Bloch spectral function calculated within the CPA for 0.5%-Au-rich Mn2Au for two orientations of the Néel vector: a || [100] and b || [010]. The white arrows mark the major changes of the spectral function induced by the Néel vector rotation


In-plane switching of the Néel vector in the antiferromagnetic metal Mn2Au by current pulses was realized using intrinsic spin-orbit torques. Consistent measurements of the AMR and PHE showed pulse current direction dependent reversible changes, providing direct evidence for Néel vector switching. Easy read-out of the switching is provided by a large amplitude of the AMR of more than 6%, which is more than an order of magnitude higher than previously observed for other antiferromagnetic systems and one of the highest AMR amplitudes found for metallic magnetic thin films. We can reproduce the magnitude of the effect theoretically by including realistic disorder and, in particular, find the same dependence of the amplitude on the crystallographic directions in the experiment as in the calculation. With the basic principles of writing and read-out demonstrated, combined with a theoretical understanding of the underlying spin-orbit torques, and the large magnetoresistive effects, the metallic compound Mn2Au is a prime candidate to enable future AFM spintronics.


MAE calculation

The MAE of chemically ordered Mn2Au was calculated using the FLAPW (full potential linearized augmented plane wave)+GGA (Generalized Gradiend Approximation) method in combination with the magnetic force theorem28. We found the in-plane MAE: \(E_{[100]} - E_{[110]}\)\(\left| { \pm 10} \right|\) μeV per formula unit. However, this method is suitable only for fully ordered crystal structures. Thus to realistically describe our experiments we calculated the MAE within the TB-LMTO+CPA also for disordered Mn2Au. For all concentrations of the simulated types of disorder we obtained the out-of-plane MAE \(E_{[001]} - E_{[100]}\) 2.9 meV. The in-plane MAE calculation gives E[100] − E[110] from −1 to −3 μeV per formula unit at the resolution limit of our methods. While the out-of-plane MAE is similar to the reported value for chemically ordered Mn2Au29, the in-plane MAE of the disordered material has opposite sign. Independent from the sign the tiny value of the in-plane MAE at the resolution limit of the calculations is consistent with the experimental observation that by current switching the [100] as well as the [110] Néel vector orientation could be stabilized in disordered Mn2Au.

AMR calculation

To calculate the AMR of Mn2Au ab initio we employed the FRD-TB-LMTO+CPA method in combination with the Kubo formula24,25,26. s-type, p-type, and d-type orbitals were included in the basis and the LSDA (local spin density approximation) and the Vosko-Wilk-Nusair exchange-correlation potential parametrization30 were used. The ground-state magnetization and density of states was reproduced consistently with a previous report31. In the transport calculations we used up to 1010 k points in the Brillouin zone and for the CPA residual resistivity calculations we set the imaginary part of the complex energy to 0.13 meV. In the RTA, the imaginary part of the complex energy Imz in the Bloch spectral function An,k(z) was approximated by a finite isotropic k-independent relaxation time. In the CPA, the effective medium was constructed corresponding to a random averaging of the occupancies of the disordered sites. The CPA Bloch spectral function is anisotropic and k-dependent and determined by the effective medium potential.
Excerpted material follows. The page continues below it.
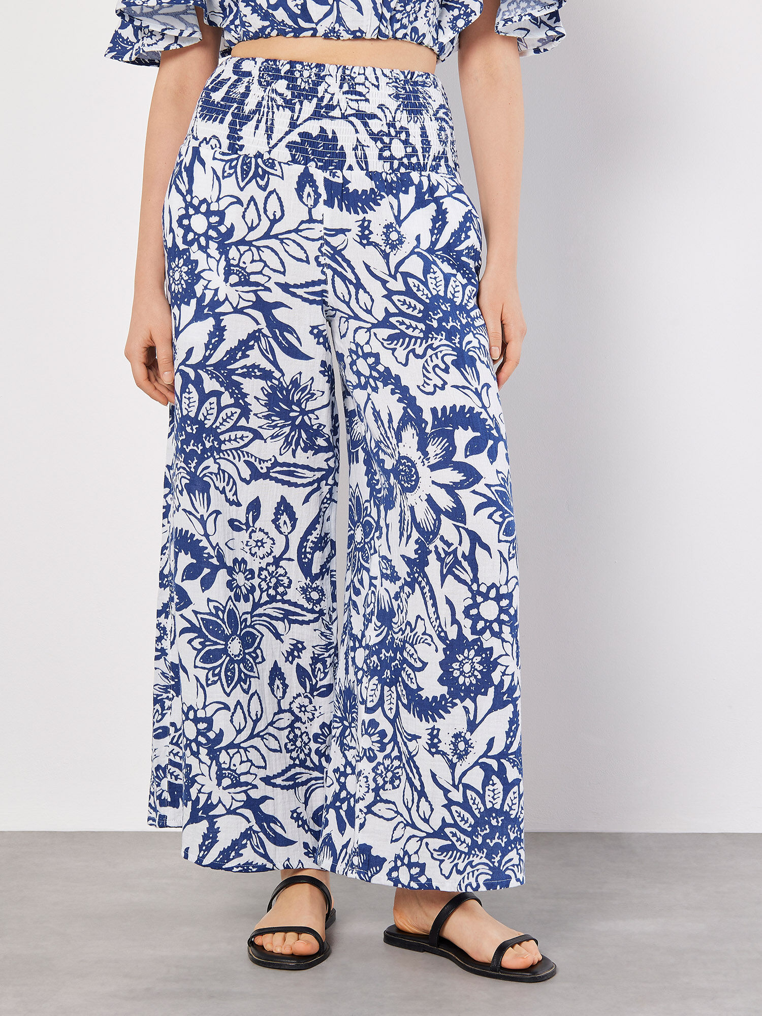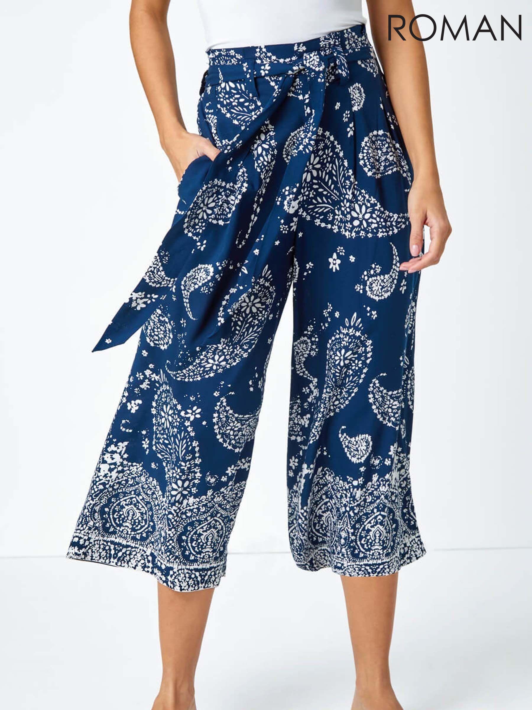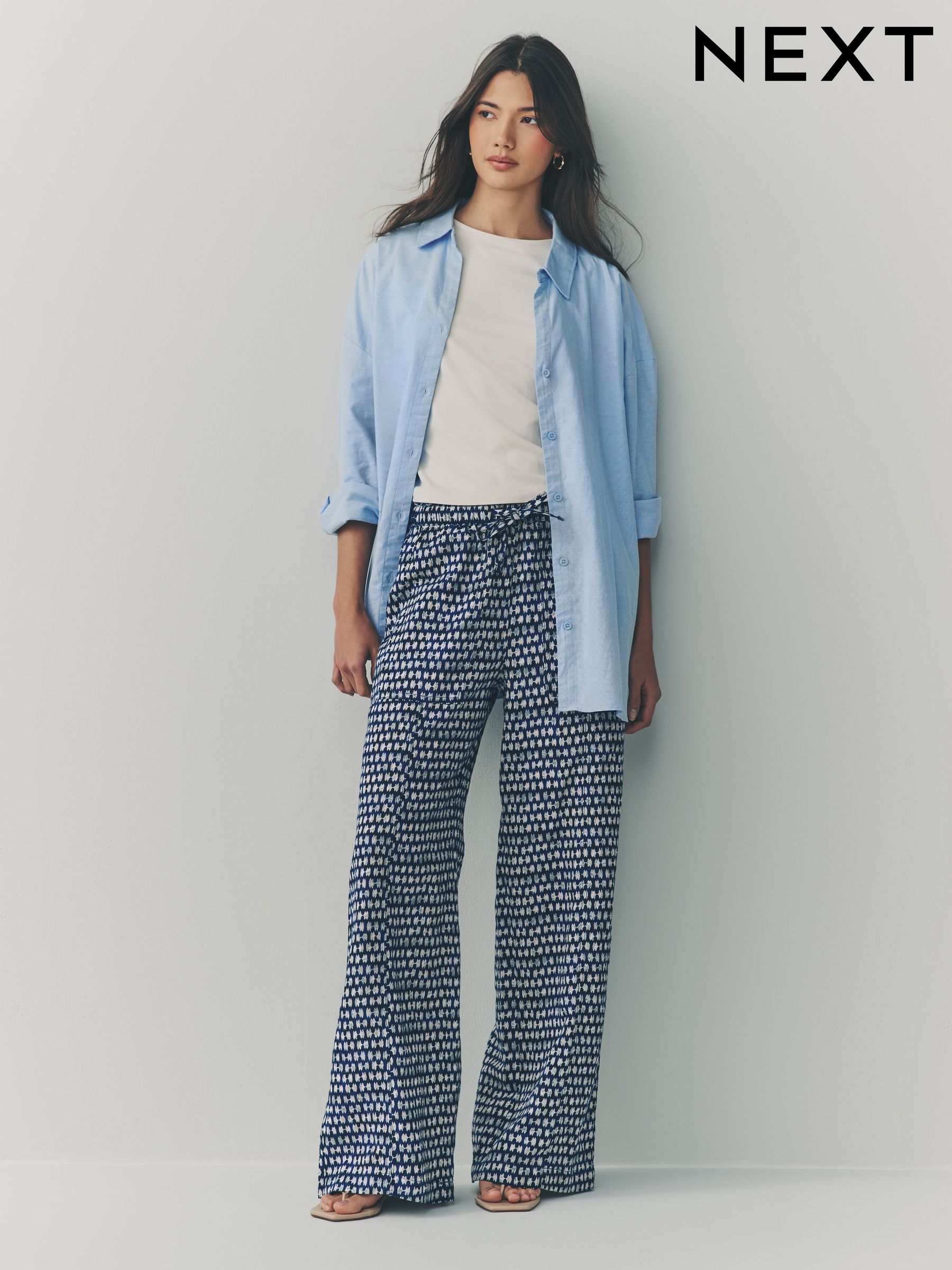 blue patterned trousers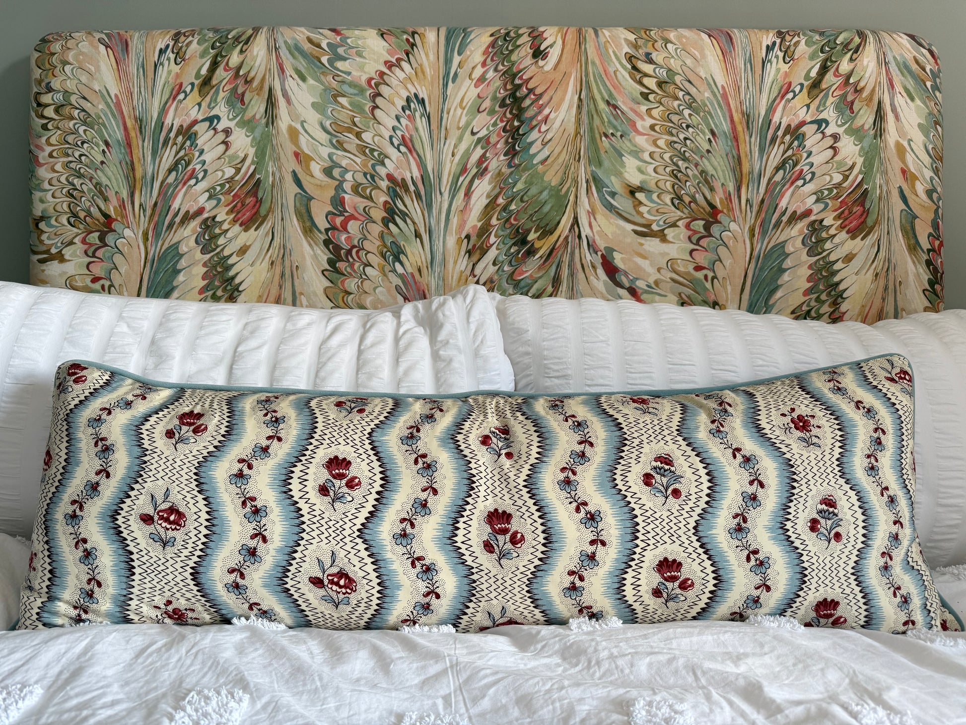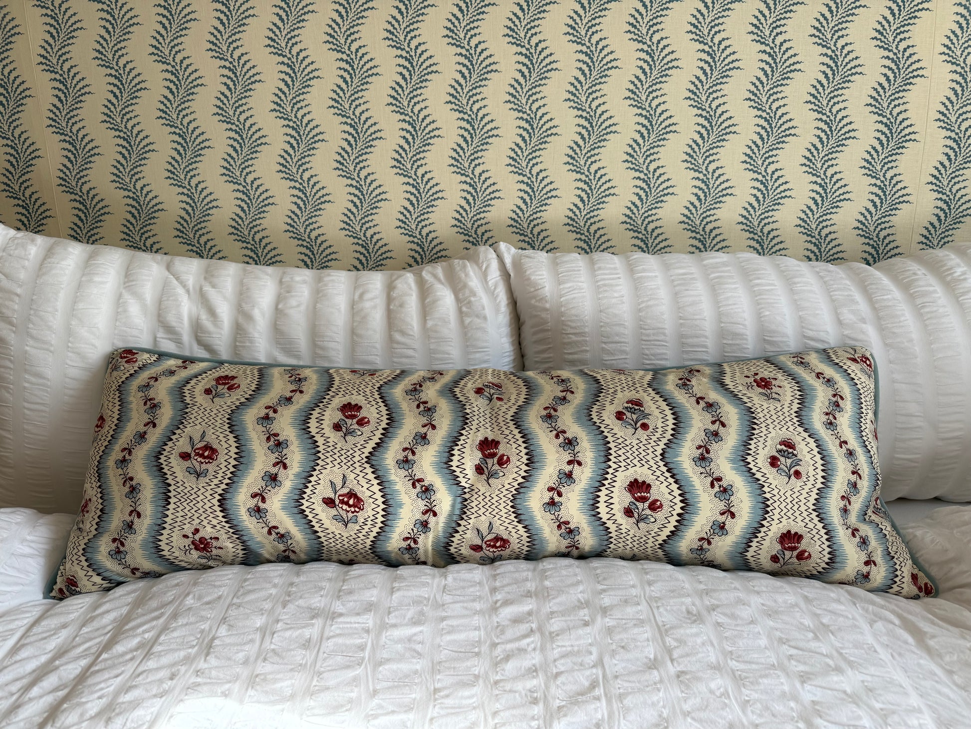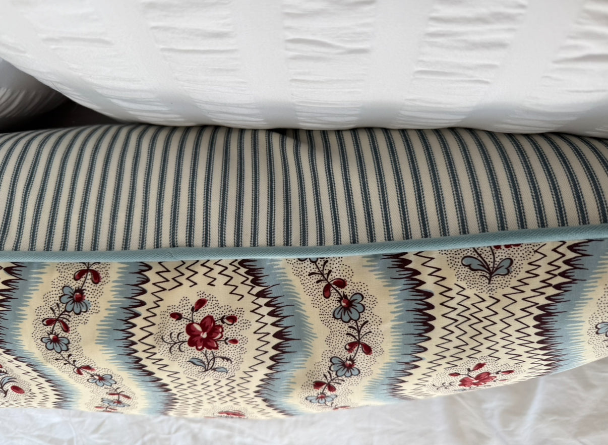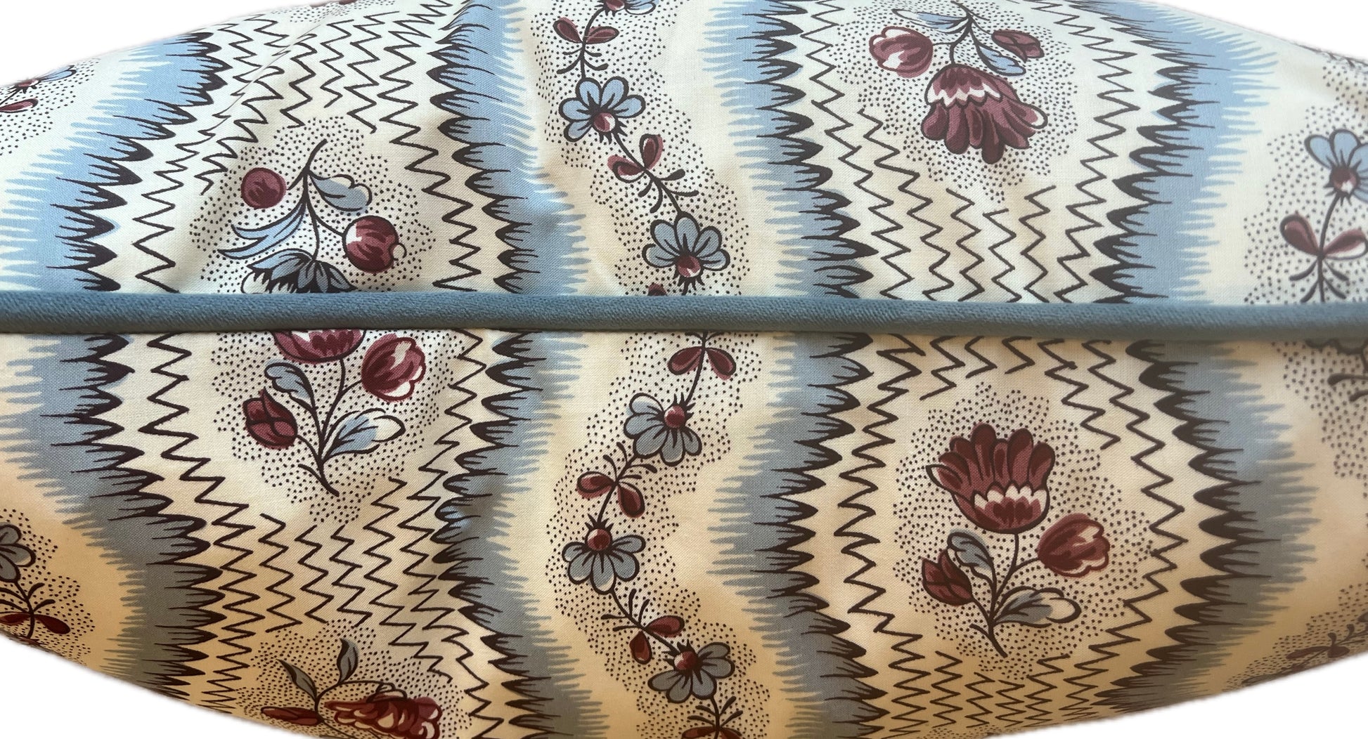 Cushion in Pierre Frey Le Manach fabric. Bleu Rouge colourway with a choice of trims and fabrics for the back. If you would prefer blue linen to blue velvet please drop me a message

We compared the RTA and the CPA derived calculated resistivities with the corresponding experimental values, from which we concluded that the level of disorder in our samples is at least 0.5%. Resistivity calculations for lower disorder values around, e.g., 0.1% correspond to 10–20 times smaller residual resistivities than observed in experiment and are thus not relevant in the framework of our manuscript. Nevertheless, we also calculated AMR100 for 0.1% of Au excess resulting in a value of (3.7 ± 1.5)%. The large error of this calculation is due to the increased number of iterations and k points needed for calculations with such a tiny degree of disorder.

Data availability

The relevant data are available within the article or from the authors on reasonable request.